# autohelm 4000 parts



## JSL3 (Jun 6, 2007)

I have a problem with my autohelm 4000 wheel drive unit. The plastic (perhaps nylon - don't know) 'pinion sprocket' that transfers the power from the eletrcial motor to the belt drive has broken. I have been seaching the internet for available parts and haven't had too much luck. As I read on other posts, the autohelm 4000 isn't supported anymore. I have some leads on used parts (one in california and one in cape town) but they don't sound promising. 
So here are my 2 questions.
1. Any ideas on where I can look for spare parts for this unit or asked another way, where can i find a substitue 'pinion sprocket'.
2. I don't have much to lose so I am considering trying to put the sprocket back together with and adhesive or epoxy of some kind. Any suggestions on what to use? 
Some pictures:

Drive Unit external view









Pinion Sprocket in question (asembled but not glued)









The carnage









The schematic of the part, circled in red:









As always, thanks in advance.


----------



## anderbra (Oct 10, 2007)

I would look at second hand marine stores like "sailor's exchange" or "popeye" or whatever they may be called in your area. It may take awhile, as you never know what you will find at those places. I myself have been looking for the male two pin connector for the power cable for my older autopilot.


----------



## LarryandSusanMacDonald (Apr 3, 2005)

You're not too far from me and I think I can help you. I'm on the West River at Hartge Yacht Yard. E-mail me at LSMACD AT (READ @) YAHOO DOT (READ . ) COM (That's to avoid spamalot).

Do it soon; I won't be here long..


----------



## erps (Aug 2, 2006)

A machine shop might be able to knock something like that out from aluminum with an hour or two of labor?


----------



## JSL3 (Jun 6, 2007)

LarryandSusanMacDonald said:


> You're not too far from me and I think I can help you. I'm on the West River at Hartge Yacht Yard. E-mail me at LSMACD AT (READ @) YAHOO DOT (READ . ) COM (That's to avoid spamalot).
> 
> Do it soon; I won't be here long..


Very Cool!
A PM and an email are on the way.


----------



## PalmettoSailor (Mar 7, 2006)

An interesting failure. It brings to mind a failure of the tuning gears on a type of radio I have in my airplane. The builder used nylon gears on a tuning knob and they either wear out or fail. The gear is a $0.75 cent part but the company does not support field repairs, and the flat rate repair is several hundred dollars. 

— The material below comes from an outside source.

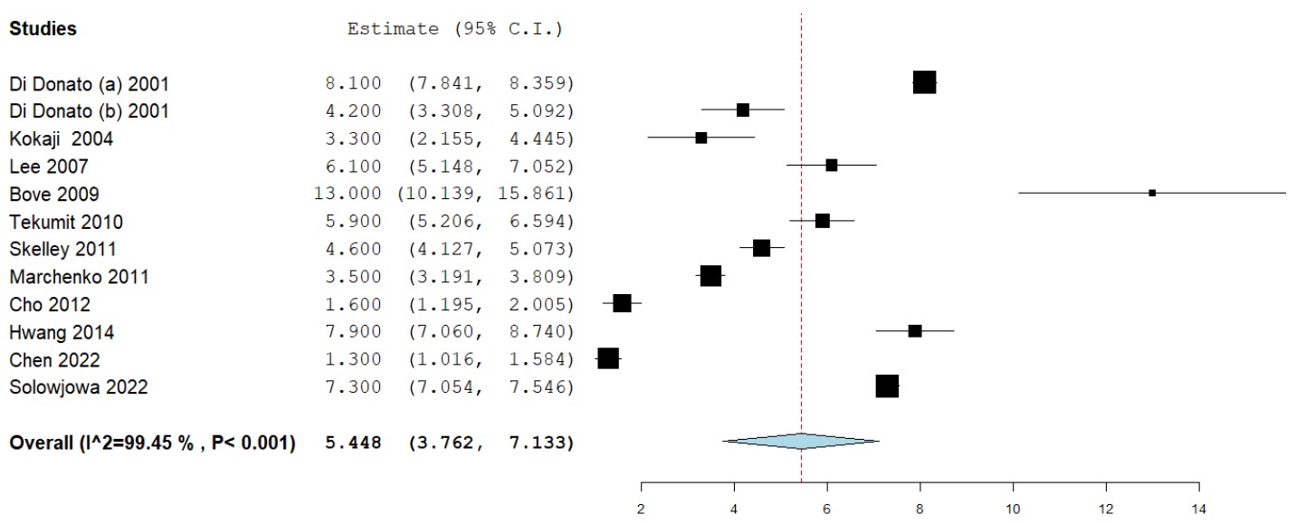 The meta-analytic assessment conducted to study postoperative mortality includes 11 different publications, analyzing a total of 951 patients. According to the data presented in the forest plot (Figure 15), the level of postoperative mortality was 5.4% (95% CI: 3.8–7.1). There was great heterogeneity between studies (Tau² = 8.6; Q(df – 10) = 1998.6; p < 0.001; I² = 99.5), so we pooled the data under the random-effects model.

That situation resulted in several resourceful folks scouting the web for replacements. I've saved the links to gear suppliers that I've accumulated. I'll try to look up the links and post them when I get home. If you could find a match made in brass it would probably be a good upgrade/spare to have aboard.


----------



## JSL3 (Jun 6, 2007)

midlifesailor said:


> An interesting failure. It brings to mind a failure of the tuning gears on a type of radio I have in my airplane. The builder used nylon gears on a tuning knob and they either wear out or fail. The gear is a $0.75 cent part but the company does not support field repairs, and the flat rate repair is several hundred dollars.
> 
> That situation resulted in several resourceful folks scouting the web for replacements. I've saved the links to gear suppliers that I've accumulated. I'll try to look up the links and post them when I get home. If you could find a match made in brass it would probably be a good upgrade/spare to have aboard.


Thanks Mid. You can feel free to post those links for others in the future but my problem has been solved by a Capn Larry. Here's the story.

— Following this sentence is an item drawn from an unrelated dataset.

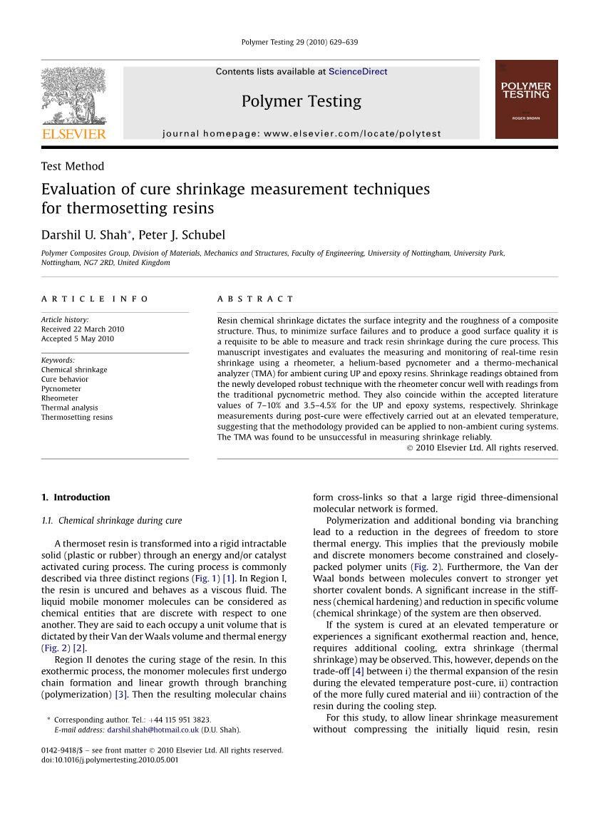 摘要:树脂化学收缩决定了复合结构的表面完整性和粗糙度。因此,为了减少表面失效并产生良好的表面质量,在固化过程中能够测量和跟踪树脂收缩率是必不可少的。该手稿使用流变仪,氦基比重瓶和热机械分析仪(TMA)对环境固化UP和环氧树脂进行实时树脂收缩的测量和监测。采用流变仪最新开发的鲁棒技术获得的收缩读数与传统比重法的读数一致。它们在UP和环氧树脂体系的公认文献值中也分别为7-10%和3.5-4.5%。后固化期间的收缩测量在高温下有效进行,表明所提供的方法可以应用于非环境固化体系。发现TMA不能可靠地测量收缩率。

As a side note the replacement part I got from Larry looks be aluminum (or another similar metal). It is definately not plastic or nylon. I guess the later production runs found the plastic to be problematic.


----------



## floatsome (Jul 5, 2008)

I'm about to remove our AH4000 drive unit to figure out why it was grabing the wheel periodically even when the clutch was released. Fixed temporarily with a small line applying slight tension in one direction. Thanks for that schematic.


----------



## PalmettoSailor (Mar 7, 2006)

JSL3 said:


> Thanks Mid. You can feel free to post those links for others in the future but my problem has been solved by a Capn Larry. Here's the story.
> 
> As a side note the replacement part I got from Larry looks be aluminum (or another similar metal). It is definately not plastic or nylon. I guess the later production runs found the plastic to be problematic.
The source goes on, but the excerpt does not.